I'm someone who really doesn't like it. The U in 1U << 31 is
unnecessary visual clutter that really makes the number harder to read
(I guess 1u is slightly better but not by that much). I think we
should define our code style first and foremost to make code easily
written and easily read (with no ambiguity and no risk for issues).
This isn't a "real" issue in any way -- both GCC and clang handle this
the right way, and they even intentionally provide warning switches to
allow this (-Wshift-overflow=1 vs -Wshift-overflow=2). So this is
perfectly well supported and there's no indication it ever wouldn't in
the future. The only thing that could be said against it is that it's
not official standard C, and to that I would say that the official C
standard is just dumb and incomplete in general. We already frequently
use plenty of GCC extensions throughout coreboot, because the
equivalent code can either not be written or not be written as cleanly
or safely in fully standard-compliant C. In my book, cleanliness and
readability always win against just doing what the standard says for
the standard's sake.

I am okay with BIT(), I think that's a fair alternative and I wouldn't
mind existing cases being rewritten if someone really wants to do
that. But that still leaves the problem of 3 << 30 and things like
that, so I don't think it's a full solution. (You can't really expand
the macro to the multi-bit case without defining what's essentially
just a wrapper macro for the shift operator, and at that point I don't
think it makes sense anymore.)

One example of things that happen when you insist on 1U is that
constants cannot be shared between C and assembly code anymore
(because the assembler doesn't support the 1U syntax).
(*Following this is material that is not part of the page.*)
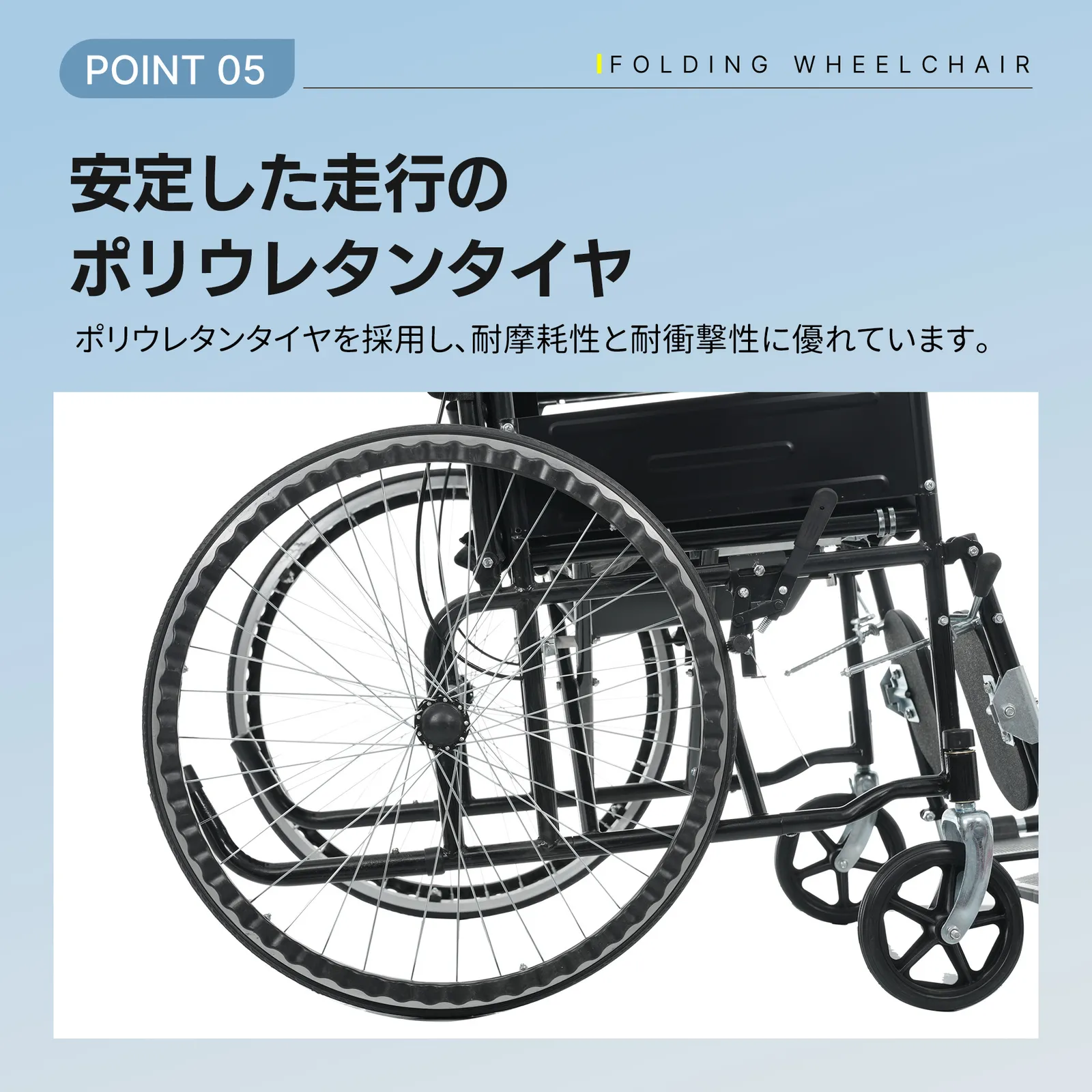 【安定した走行のポリウレタンタイヤ】ポリウレタンタイヤを採用し、耐摩耗性と耐衝撃性に優れています。クッション性があり、屋内外で安定した走行が可能です。 ・◎09

If you wanna
solve this you need to define a macro that either does or doesn't add
the U based on whether it's being built for assembler or C (and I
think even that doesn't work for inline assembly?), and then you have
something like U(1) << 31 everywhere. You can see how that looks in
the Trusted Firmware project which does it that way (e.g.
https://review.trustedfirmware.org/plugins/gitiles/TF-A/trusted-firmware-a/+/refs/heads/master/include/arch/aarch32/arch.h#126)...
if you ask me it's ugly, harder to read and unnecessarily confusing to
new contributors.

(Also, slight tangent but maybe this is a good opportunity to shill
the new DEFINE_BITFIELD/SET32_BITFIELDS() API we added a year ago:
https://review.coreboot.org/plugins/gitiles/coreboot/+/refs/heads/master/src/include/device/mmio.h#60
? By defining bit fields semantically you don't have to deal with raw
shifts at all anymore, which is both safer and in my opinion more
readable. It already has unsigned casts wrapped in the macros so
there's no reason to add a U manually anywhere there anymore.)